Entries provided:
● ● ● ● ● ● ●
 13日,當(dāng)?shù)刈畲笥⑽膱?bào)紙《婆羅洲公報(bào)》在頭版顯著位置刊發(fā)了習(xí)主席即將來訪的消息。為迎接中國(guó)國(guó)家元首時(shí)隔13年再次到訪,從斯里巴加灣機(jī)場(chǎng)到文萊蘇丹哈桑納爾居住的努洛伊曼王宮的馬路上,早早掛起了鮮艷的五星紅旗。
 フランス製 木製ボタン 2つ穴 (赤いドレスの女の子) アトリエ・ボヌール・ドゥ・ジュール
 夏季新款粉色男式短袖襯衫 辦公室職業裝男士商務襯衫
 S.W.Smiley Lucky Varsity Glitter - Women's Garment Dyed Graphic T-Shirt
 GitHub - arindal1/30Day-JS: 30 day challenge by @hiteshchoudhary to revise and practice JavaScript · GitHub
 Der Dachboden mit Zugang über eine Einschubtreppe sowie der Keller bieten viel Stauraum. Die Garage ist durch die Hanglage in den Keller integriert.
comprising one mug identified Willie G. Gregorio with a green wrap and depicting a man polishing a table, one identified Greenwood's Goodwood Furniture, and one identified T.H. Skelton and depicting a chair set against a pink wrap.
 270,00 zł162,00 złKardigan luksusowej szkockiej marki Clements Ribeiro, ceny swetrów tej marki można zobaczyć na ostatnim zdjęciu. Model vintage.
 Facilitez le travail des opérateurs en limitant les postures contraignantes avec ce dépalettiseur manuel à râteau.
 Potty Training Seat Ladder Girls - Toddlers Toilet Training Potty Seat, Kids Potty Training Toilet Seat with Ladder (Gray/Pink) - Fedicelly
● ● ● ● ● ● ●
Goal of the exercise:
Retype the listing above, word for word, from its first line to the line containing "夏季新款粉色男式短袖襯衫 辦公室職業裝男士商務襯衫", both ends included.

Expected answer:
 13日,當(dāng)?shù)刈畲笥⑽膱?bào)紙《婆羅洲公報(bào)》在頭版顯著位置刊發(fā)了習(xí)主席即將來訪的消息。為迎接中國(guó)國(guó)家元首時(shí)隔13年再次到訪,從斯里巴加灣機(jī)場(chǎng)到文萊蘇丹哈桑納爾居住的努洛伊曼王宮的馬路上,早早掛起了鮮艷的五星紅旗。
 フランス製 木製ボタン 2つ穴 (赤いドレスの女の子) アトリエ・ボヌール・ドゥ・ジュール
 夏季新款粉色男式短袖襯衫 辦公室職業裝男士商務襯衫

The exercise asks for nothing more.